Category: provider
Model Studio Qwen Image Edit
Validation
CODEBLOCK0
Pass criteria: command exits 0 and output/aliyun-qwen-image-edit/validate.txt is generated.
Output And Evidence
- - Save edit request payloads, result URLs, and model parameters under
output/aliyun-qwen-image-edit/. - Keep one sample request/response pair for reproducibility.
Use Qwen Image Edit models for instruction-based image editing instead of text-to-image generation.
Critical model names
Use one of these exact model strings:
- - INLINECODE2
- INLINECODE3
- INLINECODE4
- INLINECODE5
- INLINECODE6
- INLINECODE7
- INLINECODE8
- INLINECODE9
- INLINECODE10
Prerequisites
- - Install SDK in a virtual environment:
CODEBLOCK1
- - Set
DASHSCOPE_API_KEY in your environment, or add dashscope_api_key to ~/.alibabacloud/credentials.

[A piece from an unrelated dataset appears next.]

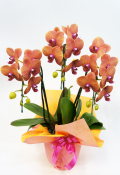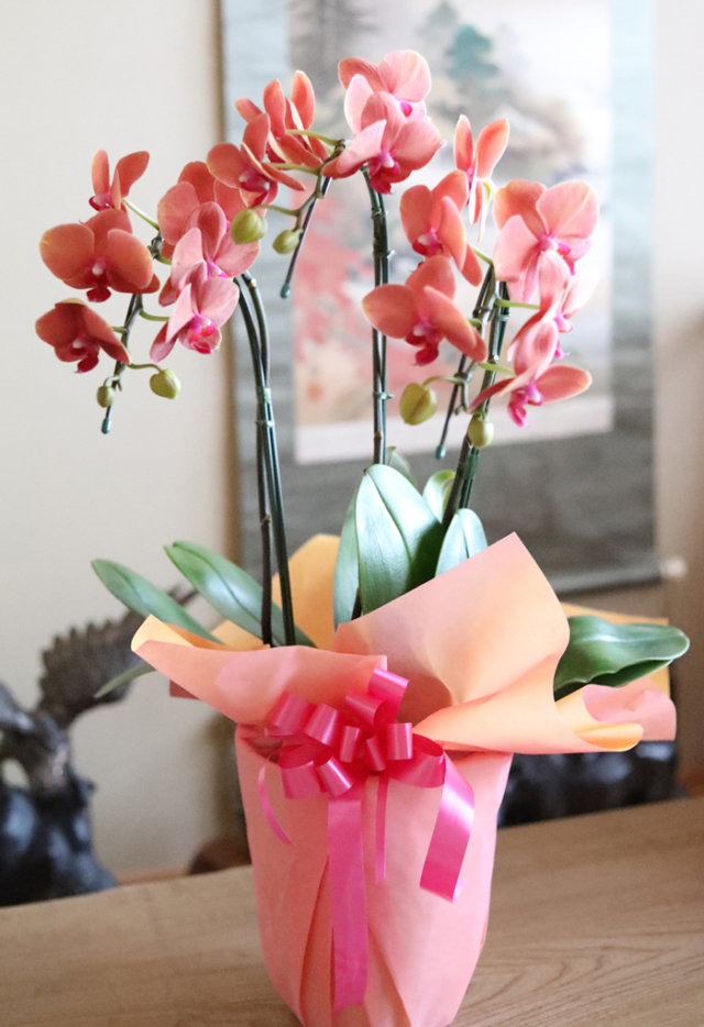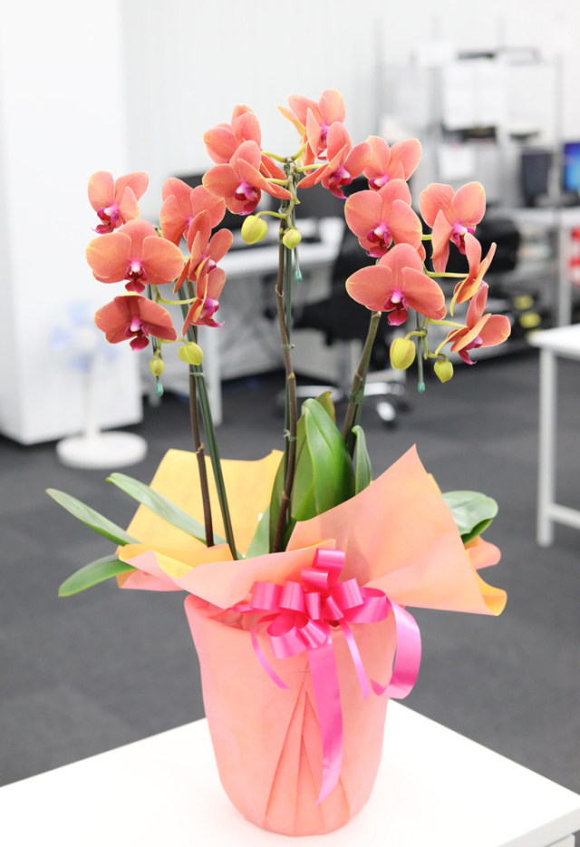 サーフソングは鮮やかなオレンジ色の胡蝶蘭です。大輪よりも小さめの、花弁の大きさが6~9cmのミディ胡蝶蘭にあたります。 白色やピンク色が主な胡蝶蘭の中で、オレンジ色というのはとても貴重で珍しい品種になります。大輪の胡蝶蘭と比べて大きすぎず、高さは60cmほどなので法人用のプレゼントに限らず個人宅へのプレゼントにも最適です。 個人宅でしたら、玄関やリビング・寝室などに置きやすい大きさなので飾る場所に困るという事がありません。 胡蝶蘭に詳しい方へのプレゼントには、無難に白色か色がついているピンクも良いですが、オレンジ色のサーフソングをプレゼントすれば珍しい色に驚き、そして喜ばれる事間違いないでしょう。 花弁が厚くしっかりしているので通常の胡蝶蘭よりも長持ちする事が多いのも特徴です。 他の胡蝶蘭とはひと味違うサーフソングを大切な方へのプレゼントにいかがでしょうか。 |

Normalized interface (image.edit)
Request
- -
prompt (string, required) - INLINECODE15 (string | bytes, required) source image URL/path/bytes
- INLINECODE16 (string | bytes, optional) inpaint region mask
- INLINECODE17 (string, optional) e.g. INLINECODE18
- INLINECODE19 (int, optional)
Response
- -
image_url (string) - INLINECODE21 (int)
- INLINECODE22 (string)
Operational guidance
- - Keep prompts task-oriented: describe what to change and what to preserve.
- Use masks for deterministic local edits.
- Save output assets to object storage and persist only URLs.
- For subject consistency, provide explicit constraints in prompt.
Local helper script
Prepare a normalized request JSON and validate response schema:
CODEBLOCK2
Output location
- - Default output: INLINECODE23
- Override base dir with
OUTPUT_DIR.
Workflow
1) Confirm user intent, region, identifiers, and whether the operation is read-only or mutating.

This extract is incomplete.